2. Античные аллюзии и сюжеты могут быть использованы современными русскими поэтами в качестве «знаков следования традиции». Усиленное употребление в стихах древнегреческих имен чаще всего4 указывает на последователя Кушнера (а посредством Кушнера, на наследователя традиций Анненского и Кузмина), изобилие римских имен и специфически ернический тон (которым подменяют «патрицианский» сарказм оригинала) — на продолжателя Бродского. Некоторые совмещают и то, и другое. Помимо них, есть, конечно, современные поэты, сознательно и упорно разрабатывающие античную тему, есть и те, которые используют античность как прием, ничего больше. В этих случаях, когда мы не можем говорить о следовании какой-то конкретной русской поэтической традиции недавнего прошлого, или даже настоящего, «античность» становится синонимом «поэтичности» вообще.

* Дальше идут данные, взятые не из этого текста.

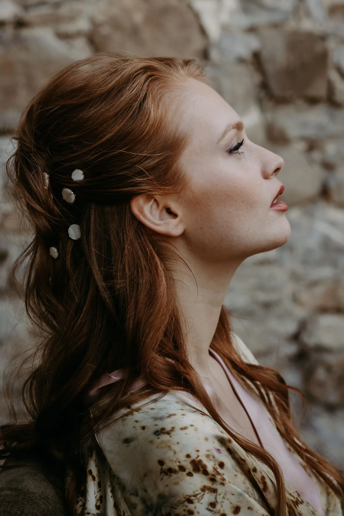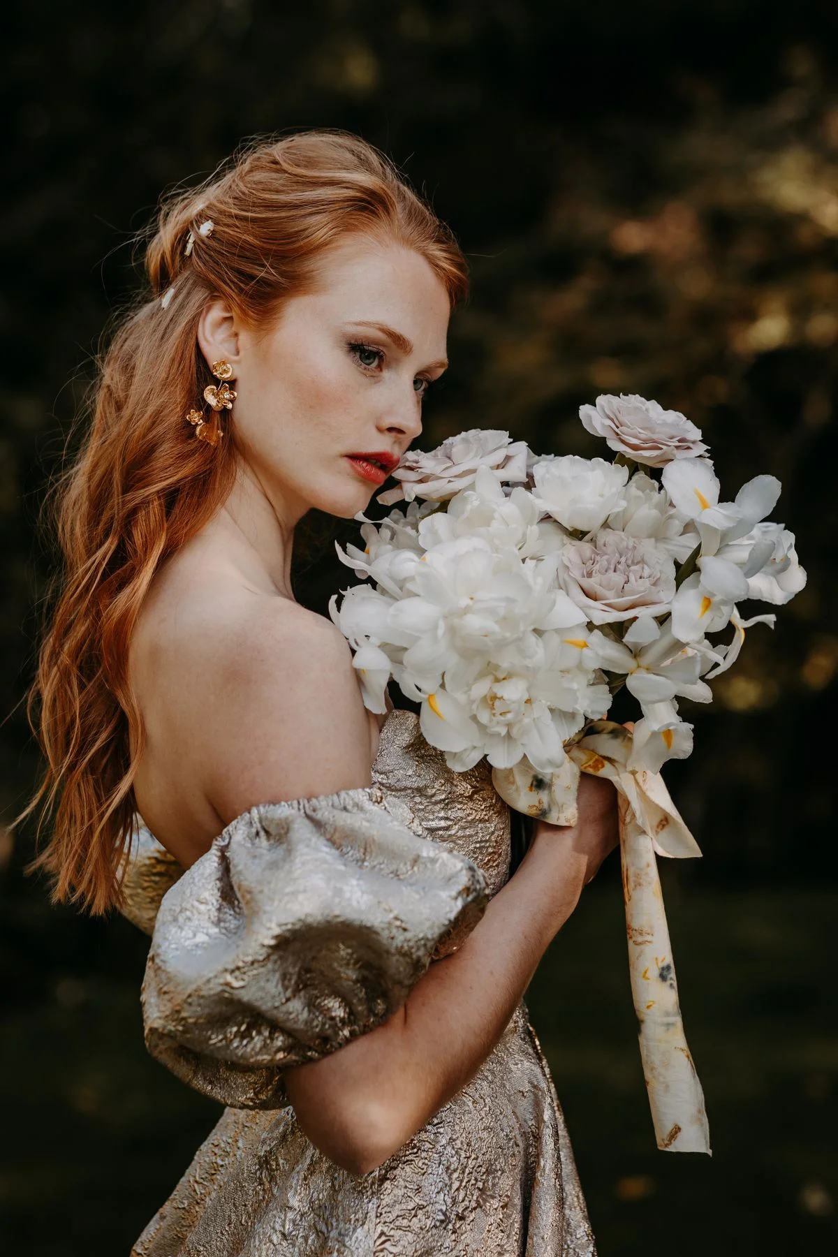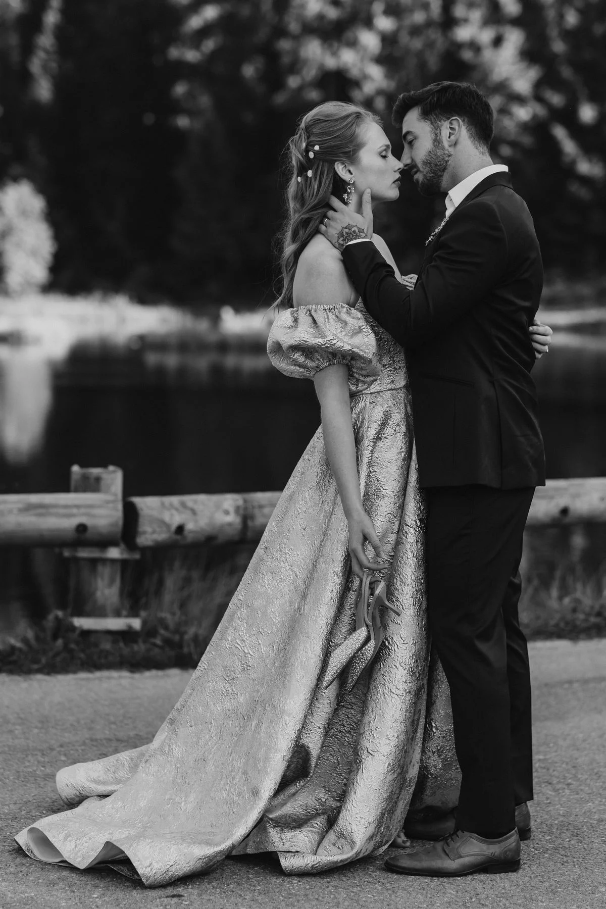 Pour les tenues et la mise en beauté, nous souhaitions insister sur le côté couture, tendance et naturel. La robe Olténie de Maison Maélie était parfaite pour notre modèle Maroussia, mettant en valeur sa chevelure flamboyante et rappelant la brillance des lacs de la région. Charlène de Beige Hair l‘a magnifiée avec une mise en beauté lumineuse et une coiffure moderne accessoirisée par les créations de La Chambre Blanche. Alex, notre égérie de la région Rhône-Alpes en 2022, portait un costume Blandin & Delloye dont la teinte rappelait la couleur des sapins. Il a été orné d‘une boutonnière, bijoux de La Chambre Blanche, assortie aux accessoires de Maroussia.

3. «Знаки античности» в современном русском стихотворении могут прочитываться как «знаки поэтичности», точно так же, как «знаки средневековья» чаще всего претендуют на то, чтобы символизировать некую «высокую веру», «всепоглощающую религиозность», даже, некоторым образом, «духовность». «Средневековая поэзия» для нас всегда чья-то поэзия — старофранцузская, старонемецкая, англосаксонская и проч. «Античная поэзия» синоним поэзии вообще. Объяснение этому простое. Русская поэзия молода, она начинается в восемнадцатом веке и — в отличие от французской или английской — не укоренена в европейской культуре и литературе до Нового времени. Оттого русский поэт обычно видит свой исток не в «Слове о полку Игореве» или «Задонщине», а в общей европейской поэтической памяти, то есть как раз в античности. Тредьяковский желал видеть в поэзии «слог пиитический и аполлоноватый». Пра-прадед современного русского поэта — не воинственный скальд или седобородый певец Боян, а Сапфо, Катулл или Гораций. У нас не было своего Вийона или Донна, зато все — от Алкея до Овидия — наши. Оттого до определенного времени обращение к античным мотивам или именам в русских стихах было столь же естественным, как и цитирование Пушкина.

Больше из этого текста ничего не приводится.